Um den internationalen Erfolgen in der Raumfahrt Tribut zu zollen, finden deshalb in diesen Tagen weltweit Gedenkfeiern statt. Ausgetragen wurde die erste „Yuri’s Night“ bereits im Jahr 2001 in den USA, durch das Projekt „Space Generation Advisory Council“, kurz SGAC.

Ausgetragen wurde die Veranstaltung im Gebäude der Europäischen Wirtschafts- und Sprachenakademie (EWS) am Kabutzenhof. Dort konnten sich die Besucher unter anderem in verschiedenen Vorträgen ein Bild über die Geschichte der Raumfahrt und die Historie des Rostocker Flugzeugbaus machen.
Inhaltlich reichten die Vorträge von Rückblicken, wie „Aufbruch ins Raketenzeitalter“ (Holger Björkquist, Förderkreis Luft- und Raumfahrt Mecklenburg Vorpommern e.V.) bis zu aktuellen Entwicklungen, wie den „Hitech-Innovationen aus dem Bereich Raumfahrt“ (Jan Montau, Rostock-System-Technik GmbH). Den Abschluss bildete am Abend der Dokumentarfilm „Fliegerkosmonauten – Space Sailors“, der unter der Regie von Marian Kiss entstanden ist.
Auch prominente Gäste waren anwesend. So konnten Professor Dieter B. Herrmann, der ehemalige Moderator der Wissenschaftssendung „AHA“, sowie der NASA-Botschafter und Ehren-Astronaut Hans-Joachim Roloff für die Veranstaltung gewonnen werden. Außerdem anwesend: Heinz Boback, der wie Juri Gagarin ebenfalls die Ausbildung zum Kosmonauten durchlaufen hat.

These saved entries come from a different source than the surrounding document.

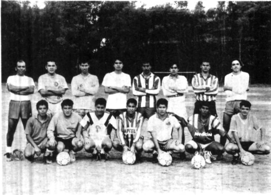
El equipo de fútbol soccer de la UPAEP participará en los próximos juegos estatales del CONDDE, en el nacional CONADEIP y en el Torneo Puebla.
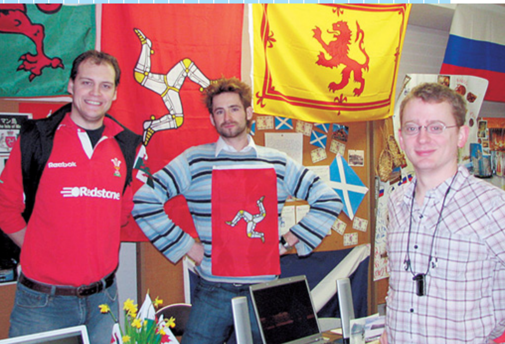
外国語指導助手(ALT)の皆さん 出身国紹介ブースで
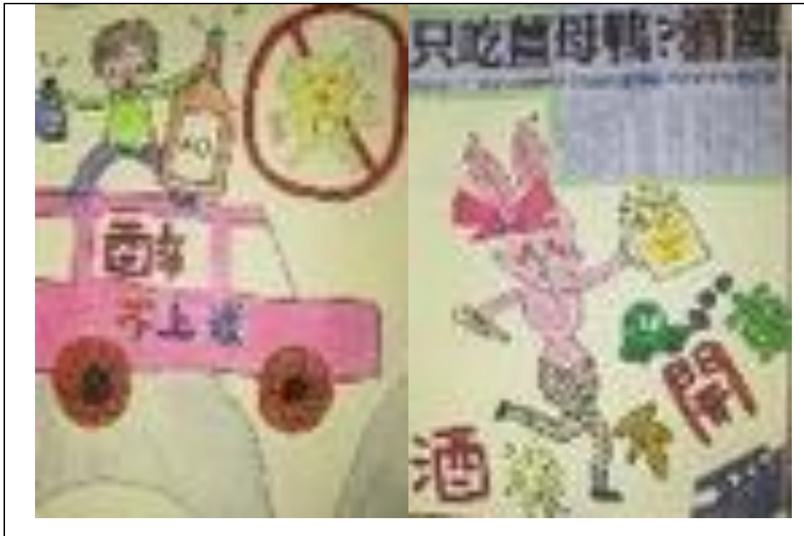
活動說明：學生作品集 1
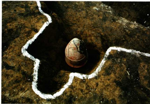
S K 223
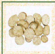
防己科 防己 《中醫藥條例》 附表2中藥材*
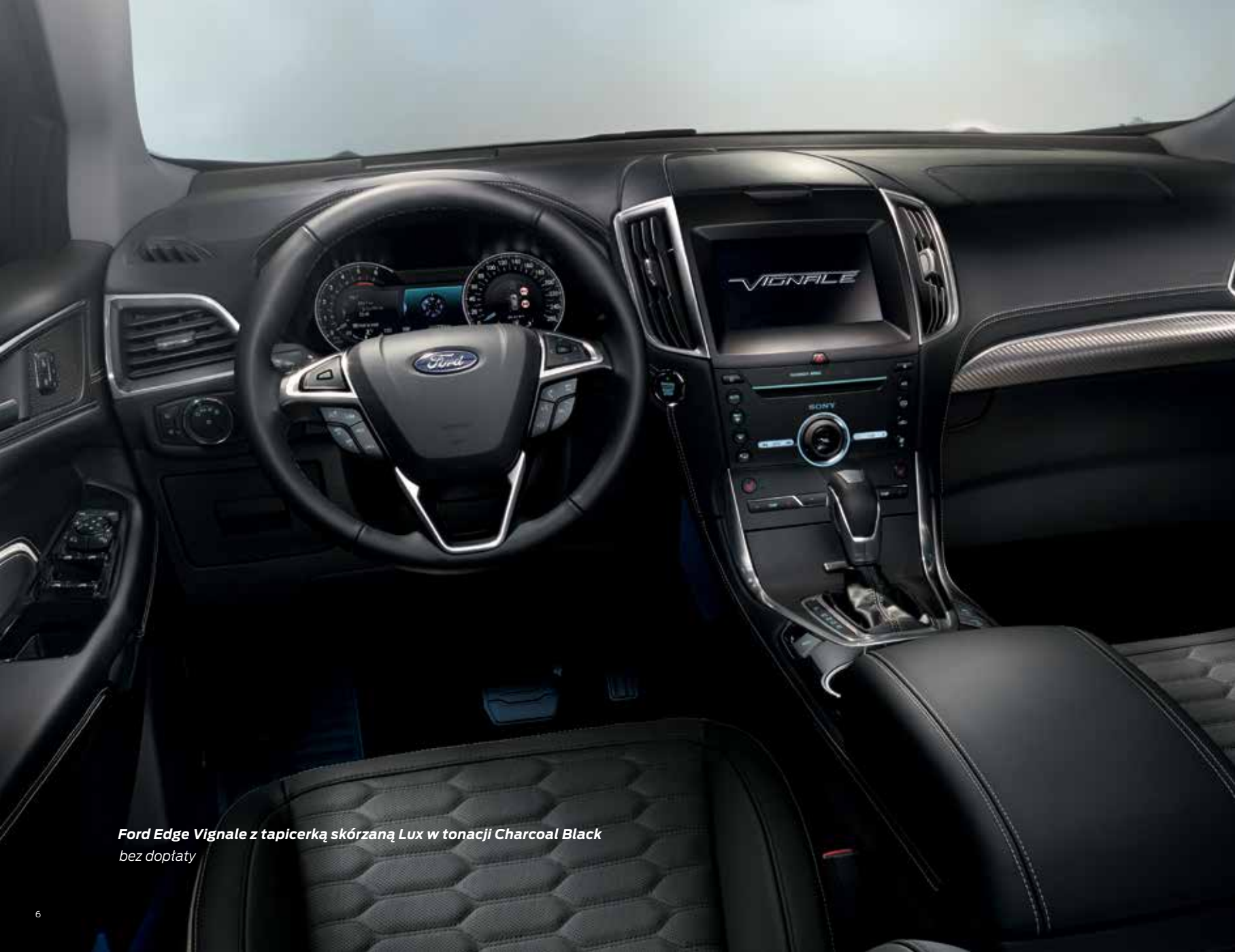
Ford Edge Vignale z tapicerką skórzaną Lux w tonacji Charcoal Black bez dopłaty

Die Palette reichte von der Wostok 1 bis zur ISS Raumstation und dem Hubble Weltraum Teleskop. Gebaut wurden die Modelle von Bernd Lietzow vom Astronomischen Verein e.V. unter Mithilfe von Schülern der 8. und 9. Klasse. Ein Hobby, das Lietzow schon seit seiner Kindheit mit Leidenschaft betreibt.
Doch nicht nur den erwachsenen Besuchern wurde etwas geboten, auch die Kinder kamen voll auf ihre Kosten. So konnten sie sich beispielsweise als Kosmonaut fotografieren lassen und sich damit selbst ein bisschen wie Gagarin fühlen.

Selbst aktiv werden konnte man natürlich auch. So wurden unter Anleitung fleißig Raketen und sogar ein Airbus A350-800 aus Papier gebastelt.

Wer nach Vorträgen, Raketenstarts und Dokumentarfilm noch nicht müde war, der konnte am späteren Abend auf der „Space-Party“ im ST-Club noch weiterfeiern.
„Wie es weitergeht, steht im wahrsten Sinne des Wortes in den Sternen.“ So äußerte sich Bernd Lietzow in seinem Vortrag, mit Blick auf das eingestellte Constellation Programm zur Zukunft der Raumfahrt.
Die Zukunft von „Yuri’s Night“ steht dagegen nicht in den Sternen. Für das nächste Jahr soll sich bereits Sigmund Jähn, der erste Deutsche im Weltraum, angekündigt haben, wenn es dann heißt: 50 Jahre bemannte Raumfahrt.